Axelar network validators will run following nodes:

  • axelard
    • This is the main component that communicates with other nodes via P2P and secures the network’s consensus via Tendermint BFT.
    • Axelar network itself is preparing sign batches that can be relayed to appropriate EVM compatible chains.
  • vald
    • It listens to events from the Axelar network, such as signing requests, and verifying events on EVM chains. It’s connected to EVM compatible RPC nodes of external chains, where it queries for events such as deposit confirmations and message send.
    • On one side it is connected to the Axelar network, where it reads instructions what to verify. On the other side, it’s connected to EVM compatible RPC nodes of external chains, where it verifies that batches were executed correctly from Axelar network.
  • tofnd
    • gRPC service which wraps rust implementation of multi-party signing protocols, such as, ECDSA multisig, GG20 threshold-ECDSA protocol (t of n), into RPC calls invoked by vald.Signs transaction batches for sending to smartcontracts on destination chains
    • It has to be executed in highly secured environment.

The bridge service of Axelar network relies on the vald and tofnd nodes. Any issues with these nodes can significantly impact quality and security. Swift problem recognition is crucial to avoid disruptions. Once an issue is identified, operators investigate by analyzing logs and collaborating with other validator teams or the Foundation on Discord.

This is why we developed Axelmon, which helps us for swiftly recognize issues with the vald and tofnd nodes.

What does it do?

diagram

Axelmon is a monitoring tool designed to oversee nodes related to bridge service of Axelar network.
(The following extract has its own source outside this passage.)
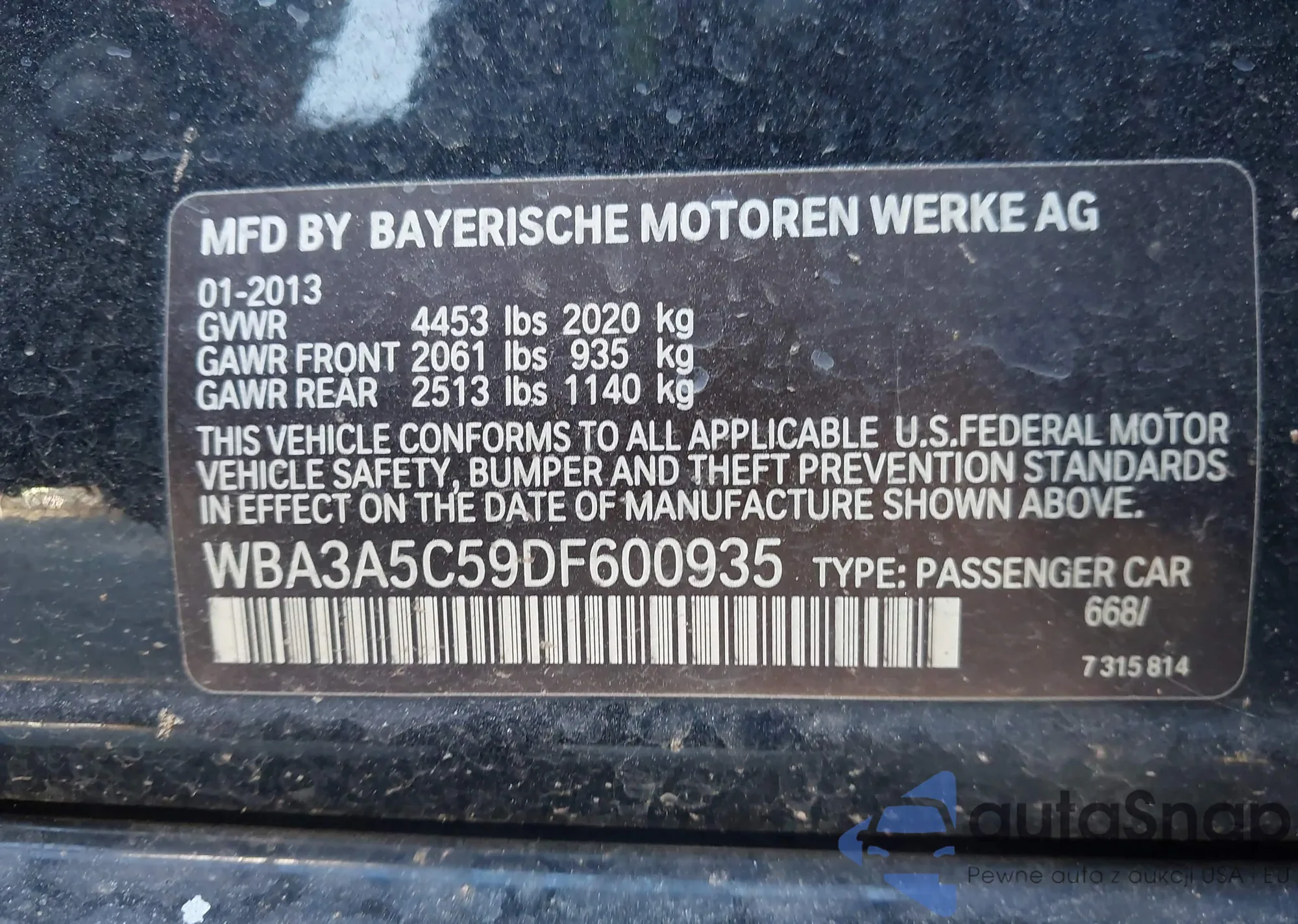 VIN: WBA3A5C59DF600935
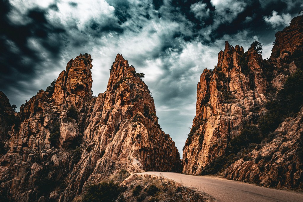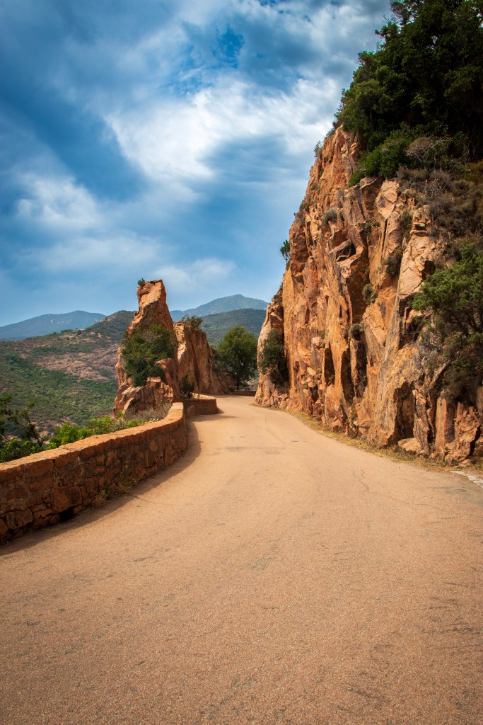 Weiter ging es Richtung Westen, wo wir auf dem Camping Corsica Gradelle übernachteten wollten. Auf den Weg dorthin, kamen wir rein zufällig an der bizarre Felsenlandschaft Calanche vorbei. Die Felsen aus rötlichem Granit liegen in etwa 400 m Höhe über dem Meeresspiegel direkt an der Küste und sind ein tolles Fotomotiv. Unser angesteuerter Platz liegt inmitten wilder Natur, und wir verbrachten den Tag damit, die umliegenden Berge und den Strand. Der Campingplatz selbst ist einfach, aber sauber und sehr charmant. Abends saßen gingen wir in die dem Platz angeschlossene Pizzeria, welche sehr zu empfehlen ist. Abends hatten wir einen exklusiven Blick aus unserem Dachzelt auf ein Gewitter welches in der Bucht festhing.

Let’s delve into what Axelmon monitors:

  • Heartbeat
    • Heartbeat events emit at regular intervals, specifically when $CurrentHeight \mod 50 == 0$.
    • Within 1-2 blocks from this event emitted height, the validator’s vald node must send a heartbeat transaction to the Axelar network.
    • Axelmon monitors the miss count for n heartbeats.
  • Maintainer
    • The Maintainer is the external chains that have chosen to support on the Axelar network.
    • It could be automatically deregistered, if a validator misses many votes.
    • Axelmon monitors whether the maintainer is registered or not.
  • EVM Vote
    • Whenever a bridge service-related transaction occurs for a registered external chain, a vote is cast.
    • Axelmon monitors the miss count for n votes at each registered chains.
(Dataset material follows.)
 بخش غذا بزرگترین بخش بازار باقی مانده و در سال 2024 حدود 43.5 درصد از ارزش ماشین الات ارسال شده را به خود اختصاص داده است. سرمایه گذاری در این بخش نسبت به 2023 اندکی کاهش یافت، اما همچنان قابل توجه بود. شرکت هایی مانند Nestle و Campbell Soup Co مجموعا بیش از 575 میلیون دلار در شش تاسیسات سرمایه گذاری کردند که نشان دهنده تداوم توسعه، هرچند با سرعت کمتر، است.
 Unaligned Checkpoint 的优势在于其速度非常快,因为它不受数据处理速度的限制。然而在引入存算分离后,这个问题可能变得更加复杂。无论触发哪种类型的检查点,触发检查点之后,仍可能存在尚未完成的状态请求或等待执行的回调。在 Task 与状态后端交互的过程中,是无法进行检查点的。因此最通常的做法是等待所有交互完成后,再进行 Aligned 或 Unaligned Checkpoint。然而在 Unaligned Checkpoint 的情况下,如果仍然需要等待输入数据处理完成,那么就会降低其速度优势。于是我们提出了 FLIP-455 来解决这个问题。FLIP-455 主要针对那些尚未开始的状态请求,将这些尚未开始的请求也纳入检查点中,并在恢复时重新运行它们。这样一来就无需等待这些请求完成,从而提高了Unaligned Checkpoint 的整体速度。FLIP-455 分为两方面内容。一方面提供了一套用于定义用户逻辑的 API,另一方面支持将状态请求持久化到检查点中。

And Axelmon provide the result of monitoring:

  • JSON API ( localhost:${LISTENPORT}/ )

    {
      "maintainers": {
        "status": true,
        "maintainer": {
          "Avalanche": true,
          "Ethereum": true
        }
      },
      "heartbeat": {
        "status": true,
        "missed": "0 / 3"
      },
      "EVMVotes": {
        "chain": {
          "Avalanche": {
            "status": true,
            "missed": "0 / 10"
          },
          "Ethereum": {
            "status": true,
            "missed": "0 / 10"
          }
        }
      }
    }
    • maintainers
      • status: If any of the mainainers are deregistered, the state will be false.
      • maintainer: true if registered, false if deregistered.
    • heartbeat
      • status: false if it is gte to the threshold filled in miss_cnt field of config.toml.
      • missed: Miss count for heartbeats.
        • (miss_cnt field) / (check_n field) in config.toml.
    • EVMVotes
      • status: false if it is gte to the threshold filled in miss_cnt field of config.toml.
      • missed: Miss count for votes.
        • (miss_cnt field) / (check_n field) in config.toml.
  • Prometheus ( localhost:${LISTENPORT}/metrics )
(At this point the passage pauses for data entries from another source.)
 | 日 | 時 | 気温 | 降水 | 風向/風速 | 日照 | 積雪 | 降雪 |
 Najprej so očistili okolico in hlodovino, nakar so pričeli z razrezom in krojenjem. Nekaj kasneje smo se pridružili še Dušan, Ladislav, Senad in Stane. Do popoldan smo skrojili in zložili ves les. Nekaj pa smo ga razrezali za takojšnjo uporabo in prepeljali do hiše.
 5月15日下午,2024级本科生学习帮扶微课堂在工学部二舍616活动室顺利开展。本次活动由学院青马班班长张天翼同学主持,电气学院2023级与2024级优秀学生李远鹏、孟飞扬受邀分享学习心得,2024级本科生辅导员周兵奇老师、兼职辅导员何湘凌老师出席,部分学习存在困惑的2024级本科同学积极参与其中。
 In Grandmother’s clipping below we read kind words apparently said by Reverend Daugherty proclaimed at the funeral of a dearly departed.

    # HELP evm_votes_total Number of EVM votes
    # TYPE evm_votes_total counter
    evm_votes_total{network_name="Avalanche",status="missed"} 0
    evm_votes_total{network_name="Avalanche",status="success"} 10
    # HELP heartbeats_total Heartbeat of the application
    # TYPE heartbeats_total counter
    heartbeats_total{status="missed"} 0
    heartbeats_total{status="success"} 3
    # HELP maintainers_status_list Maintainer's status, 1 is active, 0 is not active
    # TYPE maintainers_status_list gauge
    maintainers_status_list{network_name="Avalanche"} 1
    
  • Notification through Telegram

    • The alert condition corresponds to the condition for false status in the API.